*Problem requirements:* Pictures stay out, but every line of the data is copied exactly.

*Data section:*
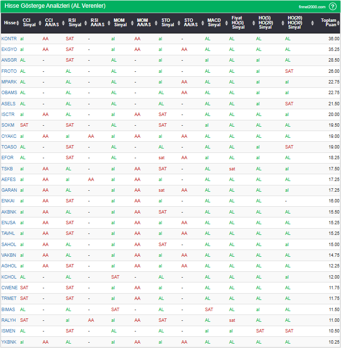 Bu çalışmada “AL” sinyali veren hisselerin tespiti amacıyla Borsa’da işlem gören BIST 100 hisseler değerlendirmeye alınmıştır. BIST 100 üzerinde teknik analizde kullanılan 12 gösterge yöntemi ile değerleme yapılarak puanlamaya gidilerek hisseler sıralanmıştır. Ancak hisse seçiminde teknik göstergelerin tek başına kullanılması yeterli değildir. Burada ön plana çıkan hisselerin temel analizle desteklemesi ve hisseyle ilgili son haber ve bilgilerin de değerlendirilerek işlemde bulunması, daha sağlıklı sonuçlar için yararlı olacaktır.
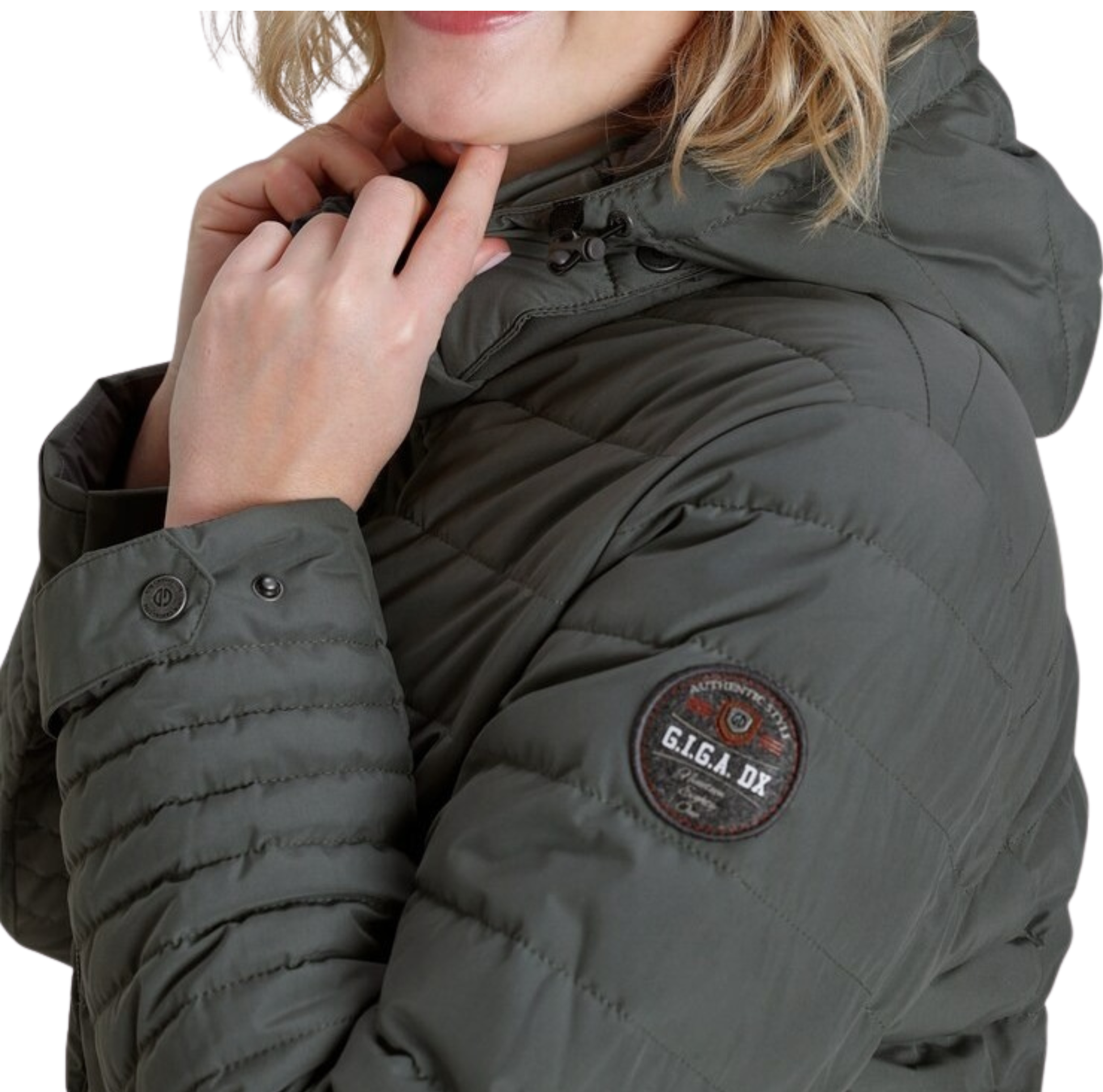 Sieviešu funkcionālā jaka izceļas ar sievišķīgu, slaidu piegriezumu un elegantu dizainu. Šī stepētā jaka ir vēja necaurlaidīga un ūdeni atgrūdoša (8 000 mm).
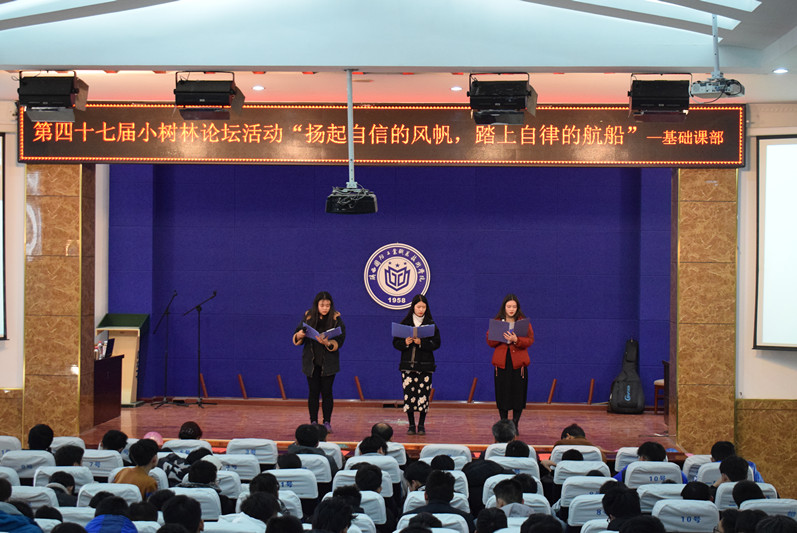 如果把人生比作漫漫航程,那么人就是一条条船,而自信就是船的动力。自信是一个人前进的动力,是一个人成功的必要条件,因此,我们要扬起自信的风帆,这样才能到达成功的彼岸。2019年12月10日下午在南校区报告厅,基础课部以“扬起自信的风帆,踏上自律的航船”举办第47期小树林论坛活动。
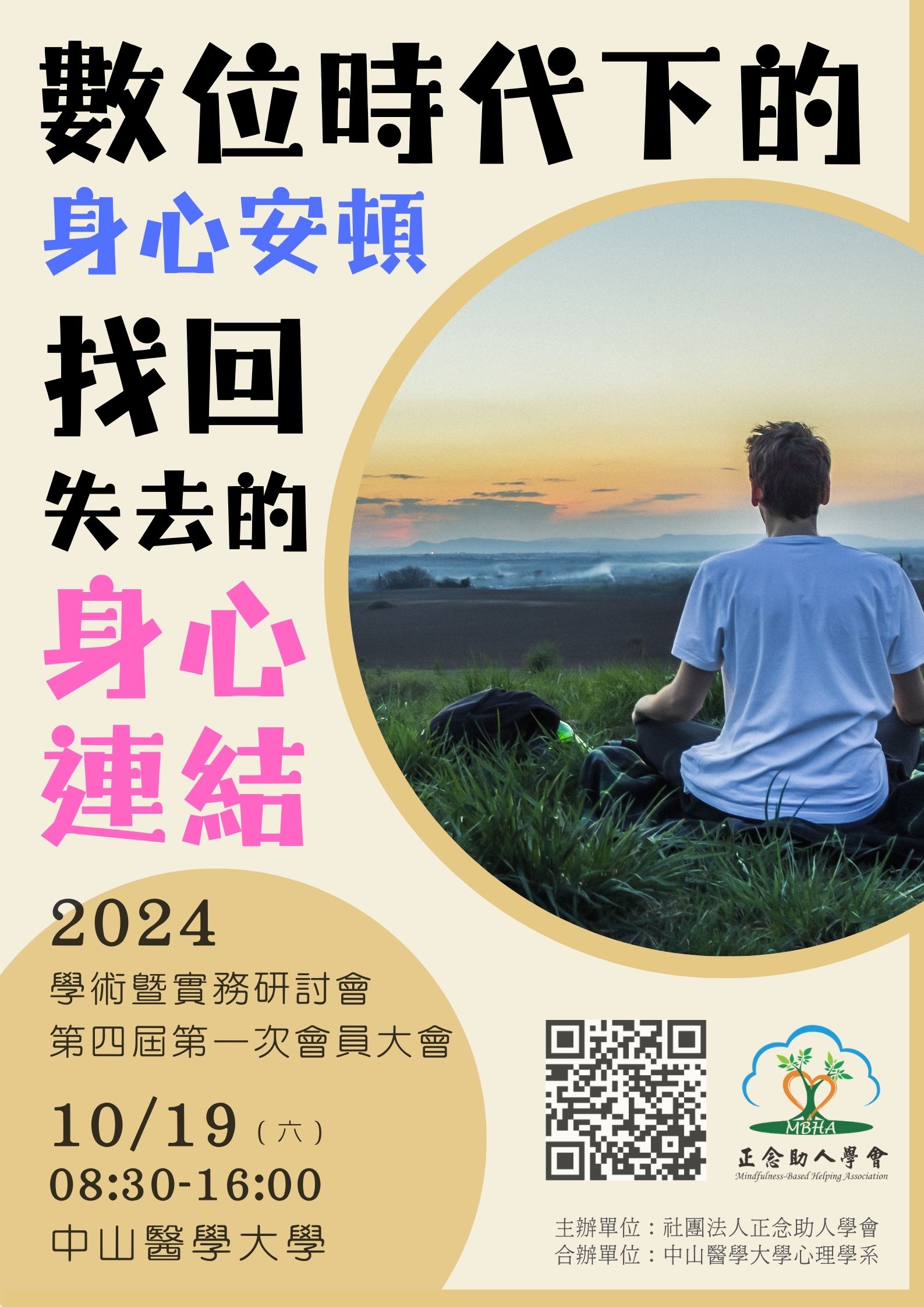 今年本會於10月19日星期六,假中山醫學大學,將辦理【2024數位時代下的身心安頓:找回失去的身心連結】 學術暨實務研討會 ,本研討會期盼透過專家來分享不同正念與身體體現的方法,讓人們學會如何在充滿挑戰與壓力的世界中,重新與自我身心連結並找回自我安頓的方式,進而可以在生命洪流中安穩前進。

*Answer space:*
 Bu çalışmada “AL” sinyali veren hisselerin tespiti amacıyla Borsa’da işlem gören BIST 100 hisseler değerlendirmeye alınmıştır. BIST 100 üzerinde teknik analizde kullanılan 12 gösterge yöntemi ile değerleme yapılarak puanlamaya gidilerek hisseler sıralanmıştır. Ancak hisse seçiminde teknik göstergelerin tek başına kullanılması yeterli değildir. Burada ön plana çıkan hisselerin temel analizle desteklemesi ve hisseyle ilgili son haber ve bilgilerin de değerlendirilerek işlemde bulunması, daha sağlıklı sonuçlar için yararlı olacaktır.
 Sieviešu funkcionālā jaka izceļas ar sievišķīgu, slaidu piegriezumu un elegantu dizainu. Šī stepētā jaka ir vēja necaurlaidīga un ūdeni atgrūdoša (8 000 mm).
 如果把人生比作漫漫航程,那么人就是一条条船,而自信就是船的动力。自信是一个人前进的动力,是一个人成功的必要条件,因此,我们要扬起自信的风帆,这样才能到达成功的彼岸。2019年12月10日下午在南校区报告厅,基础课部以“扬起自信的风帆,踏上自律的航船”举办第47期小树林论坛活动。
 今年本會於10月19日星期六,假中山醫學大學,將辦理【2024數位時代下的身心安頓:找回失去的身心連結】 學術暨實務研討會 ,本研討會期盼透過專家來分享不同正念與身體體現的方法,讓人們學會如何在充滿挑戰與壓力的世界中,重新與自我身心連結並找回自我安頓的方式,進而可以在生命洪流中安穩前進。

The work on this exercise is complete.